▸ **GIVEN DATA**:
=== Begin Enclosure ===
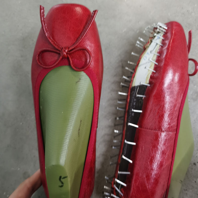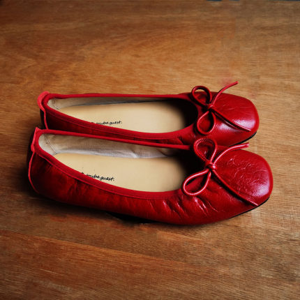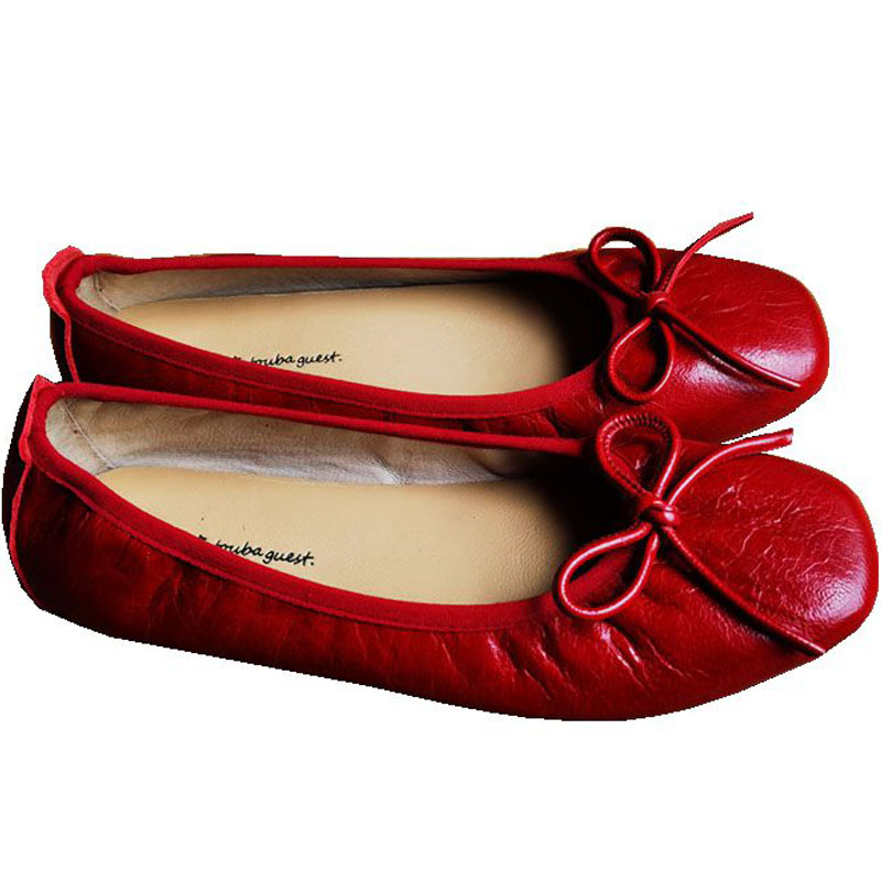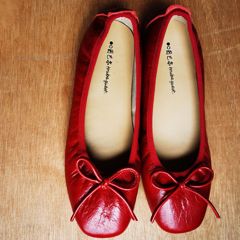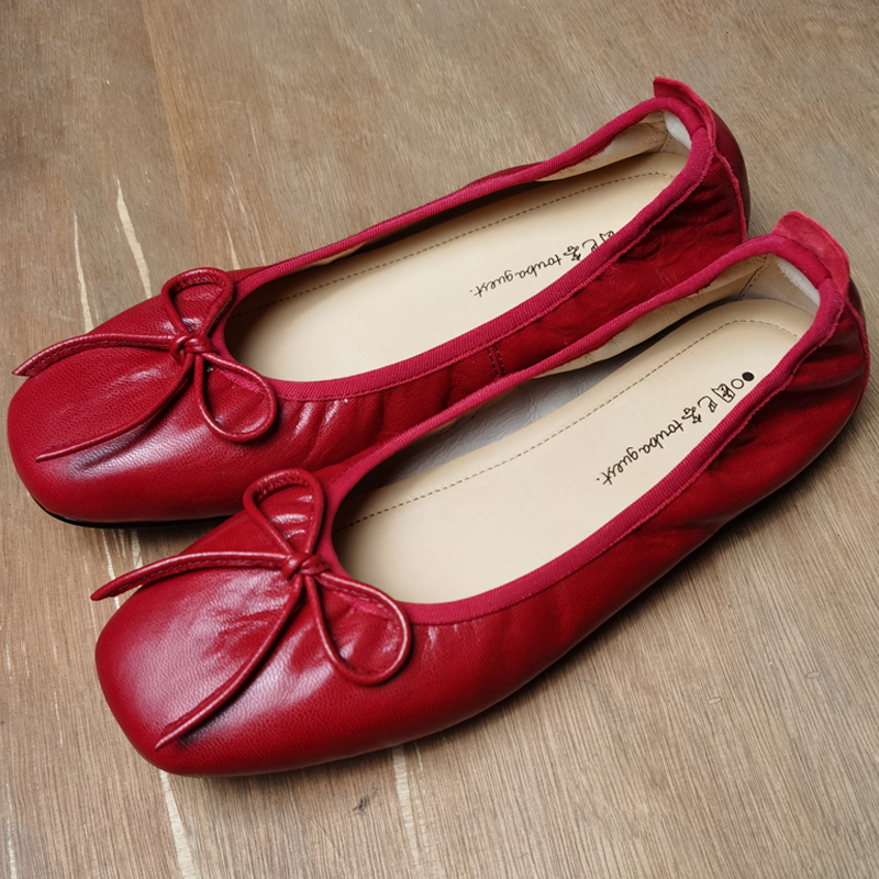方头蝴蝶结复古酒红色芭蕾舞鞋
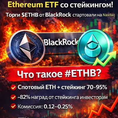 🔥 BlackRock запустил Ethereum ETF со стейкингом — что это значит? Сегодня на Nasdaq стартовали торги #ETHB — iShares Staked Ethereum Trust от BlackRock. ❓Что такое #ETHB: Держит spot ETH + стейкае
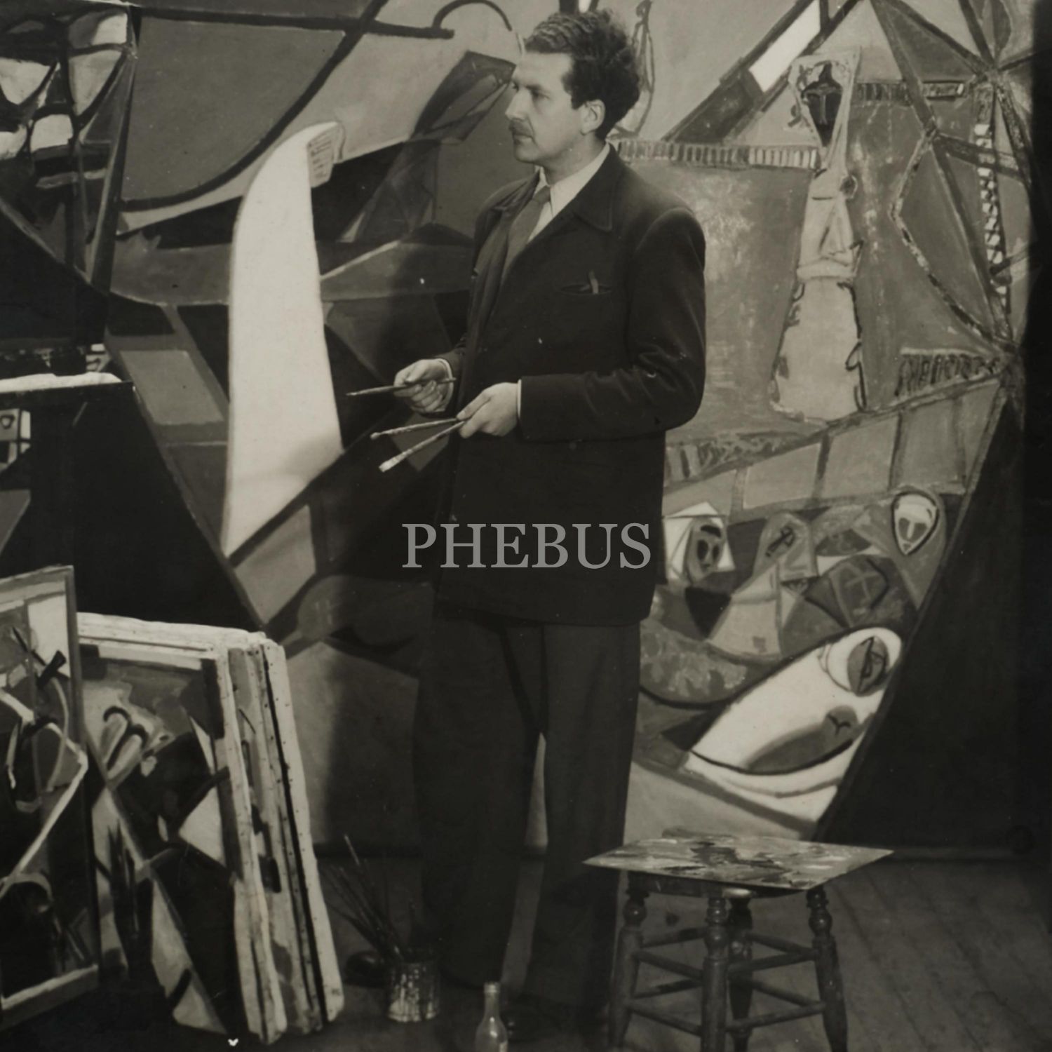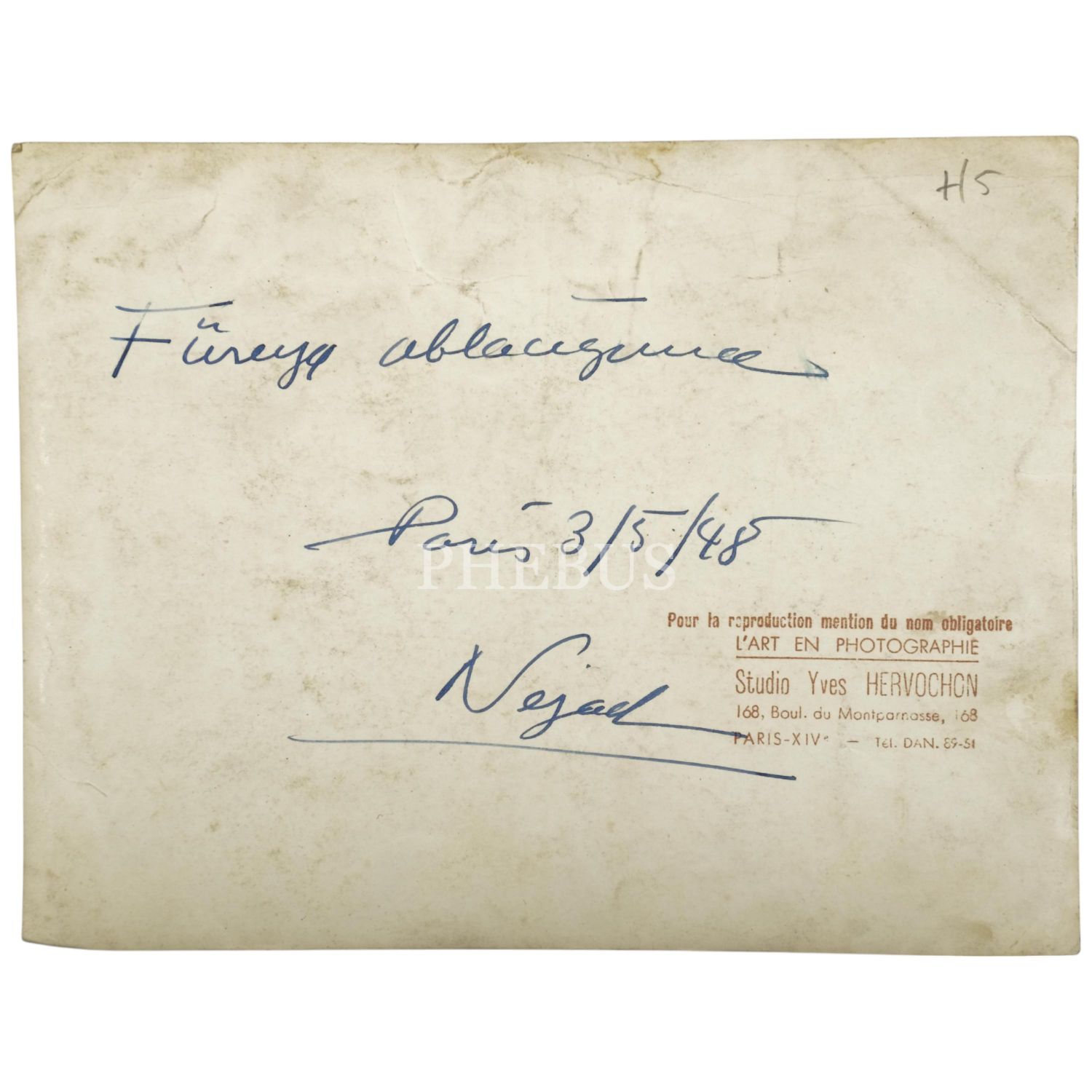 Nejad Melih Devrim´in 3.5.1948 tarihinde Paris´teki atölyesinde çekilmiş fotoğrafı, Studio Yves Hervochon, 23x18 cm...
=== End Enclosure ===
▸ **WHAT YOU WILL DO**: Find the line with "ETH + стейкае" in the listing above, then write it out along with every later line through the last one, exactly, omitting pictures.

▸ **TASK SOLUTION**:
 🔥 BlackRock запустил Ethereum ETF со стейкингом — что это значит? Сегодня на Nasdaq стартовали торги #ETHB — iShares Staked Ethereum Trust от BlackRock. ❓Что такое #ETHB: Держит spot ETH + стейкае
 Nejad Melih Devrim´in 3.5.1948 tarihinde Paris´teki atölyesinde çekilmiş fotoğrafı, Studio Yves Hervochon, 23x18 cm...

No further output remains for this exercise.